Exercise brief →
Only the pictures are dropped. Restate each line below word for word.

Information provided →
________________

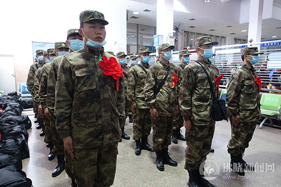 拂曉新聞網(wǎng)--拂曉報(bào)訊 宿州好兒女,踴躍當(dāng)兵去。3月18日晚,在宿州火車站候車室里,40余名新兵身著迷彩服、胸戴大紅花,個(gè)個(gè)身姿挺拔、軍容嚴(yán)整,他們帶著家鄉(xiāng)人民的祝福和期盼,離開家鄉(xiāng)奔赴軍營。
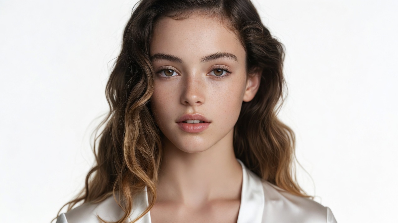 A young woman with long wavy brown hair and hazel eyes gazes directly at the camera. She has fair skin, subtle makeup, and glossy lips. She wears a white satin blouse against a plain white background.
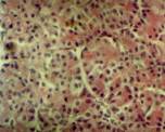 – зернистая дистрофия экзокриноцитов, окр. гем.-эозин., ув. ок. 7, об. 40.
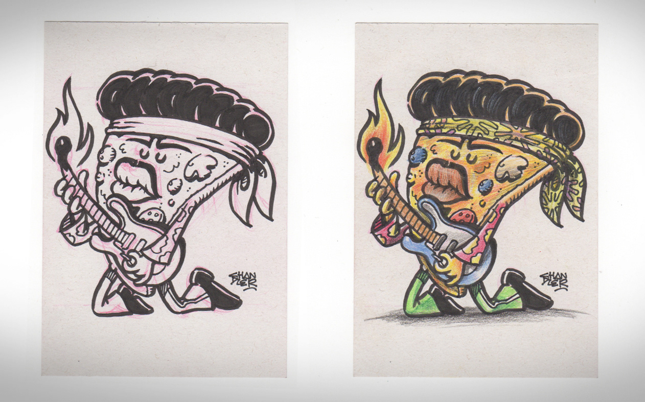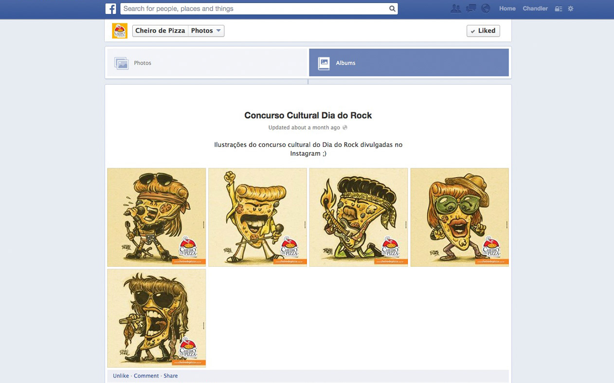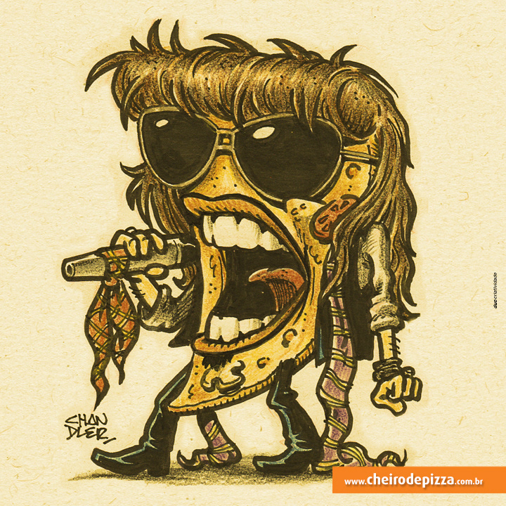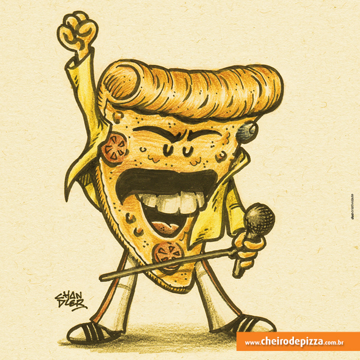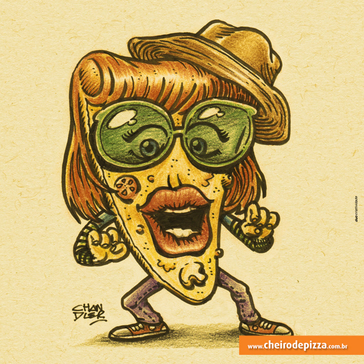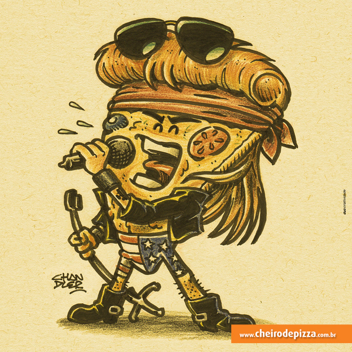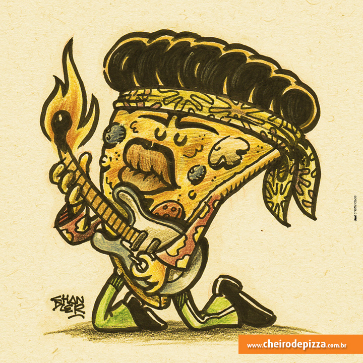 Thematic illustrations to Cheiro de Pizza to promote the social networks of the World Day of Rock.

________________

Result of the exercise →
 拂曉新聞網(wǎng)--拂曉報(bào)訊 宿州好兒女,踴躍當(dāng)兵去。3月18日晚,在宿州火車站候車室里,40余名新兵身著迷彩服、胸戴大紅花,個(gè)個(gè)身姿挺拔、軍容嚴(yán)整,他們帶著家鄉(xiāng)人民的祝福和期盼,離開家鄉(xiāng)奔赴軍營。
 A young woman with long wavy brown hair and hazel eyes gazes directly at the camera. She has fair skin, subtle makeup, and glossy lips. She wears a white satin blouse against a plain white background.
 – зернистая дистрофия экзокриноцитов, окр. гем.-эозин., ув. ок. 7, об. 40.
 Thematic illustrations to Cheiro de Pizza to promote the social networks of the World Day of Rock.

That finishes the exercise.